- Task item:
The answer must be an exact copy of every entry, with no pictures in it.

- Extracted records:
-- -- --

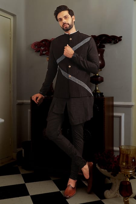Black Kurta And Bandi Silk, Pants Stretch Cotton Rave Embroidered Bundi & Set
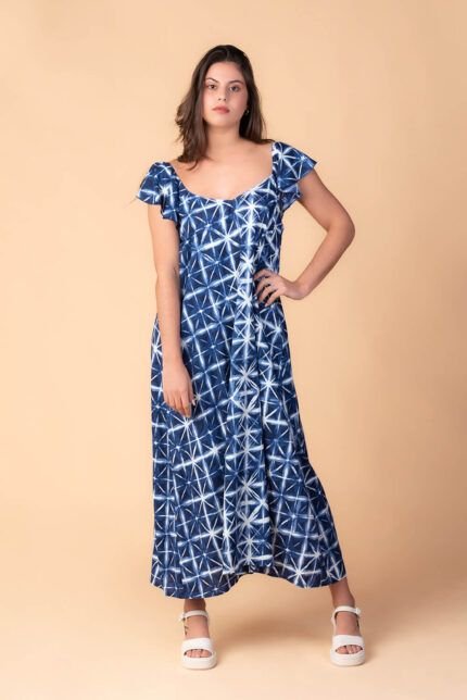El maxivestido Africa es una sinfonía relajante. Con tirantes ajustables, bajo con volantes y detalle de embellishment en el cuello ofrece una silueta muy relajada que lo convierten en el básico perfecto para el día a día en verano.
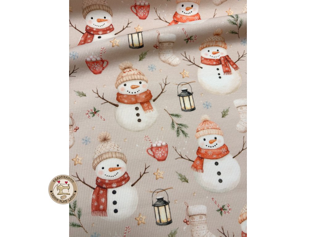 Žebraný úplet – Sněhuláci v zimě je látka, která spojuje kvalitu, originální design a funkčnost. Přeměň ji na kousky, které zahřejí a potěší v zimním období. Objednej si ji ještě dnes v Krejčírkově a vytvoř handmade oblečení plné radosti a zimní atmosféry!
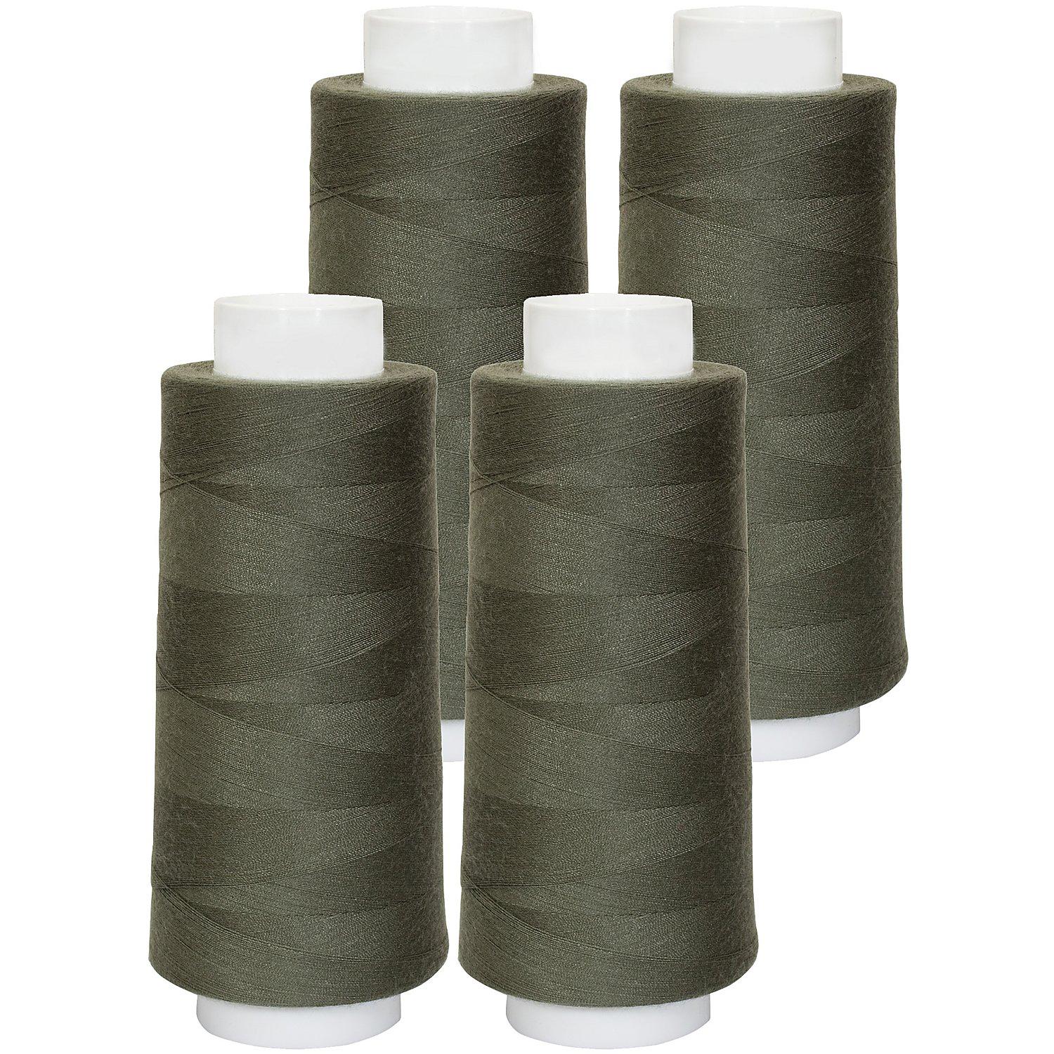 buttinette Overlockgarn im 4er-Pack, Stärke 120, 2500m-Spule, oliv
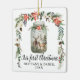 Elegant Calligraphy Script, Our First Christmas Watercolor Winter Floral Deer Ornament includes red poinsettias, white floral roses, pine cones, cotton and winter greenery. Watercolor Mason jar with deer and buck in pines forest. Photo Back.
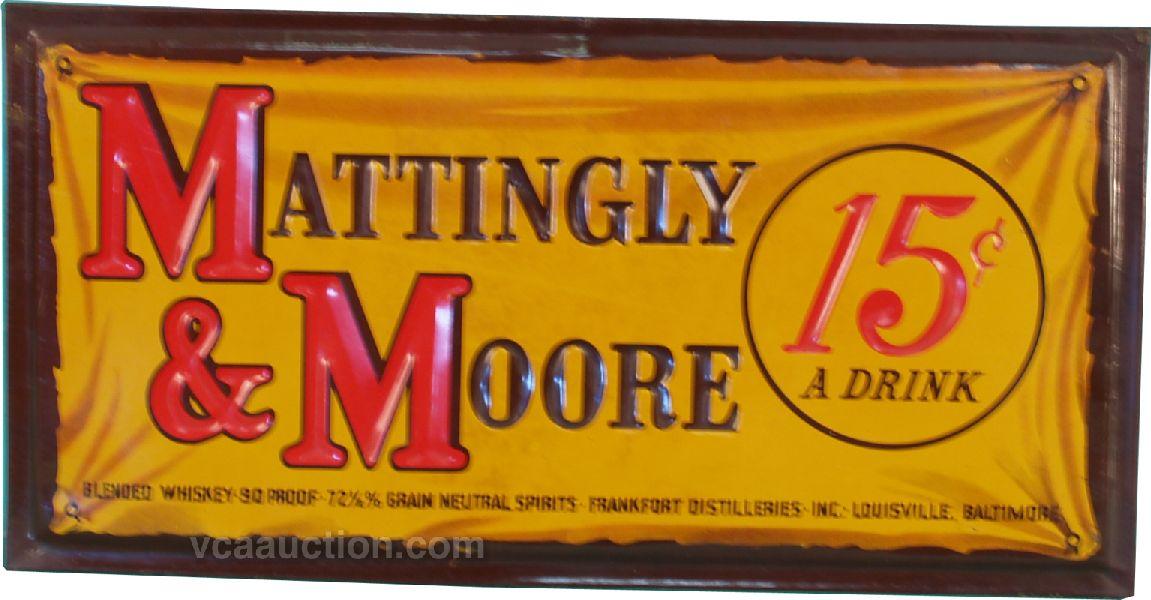 Mattingly & Moore Whiskey "15 Cent A Drink" Embossed Tin Sign w/ cardboard easel back - 14" x 7"

-- -- --

- Response to this task:
Black Kurta And Bandi Silk, Pants Stretch Cotton Rave Embroidered Bundi & Set
El maxivestido Africa es una sinfonía relajante. Con tirantes ajustables, bajo con volantes y detalle de embellishment en el cuello ofrece una silueta muy relajada que lo convierten en el básico perfecto para el día a día en verano.
 Žebraný úplet – Sněhuláci v zimě je látka, která spojuje kvalitu, originální design a funkčnost. Přeměň ji na kousky, které zahřejí a potěší v zimním období. Objednej si ji ještě dnes v Krejčírkově a vytvoř handmade oblečení plné radosti a zimní atmosféry!
 buttinette Overlockgarn im 4er-Pack, Stärke 120, 2500m-Spule, oliv
 Elegant Calligraphy Script, Our First Christmas Watercolor Winter Floral Deer Ornament includes red poinsettias, white floral roses, pine cones, cotton and winter greenery. Watercolor Mason jar with deer and buck in pines forest. Photo Back.
 Mattingly & Moore Whiskey "15 Cent A Drink" Embossed Tin Sign w/ cardboard easel back - 14" x 7"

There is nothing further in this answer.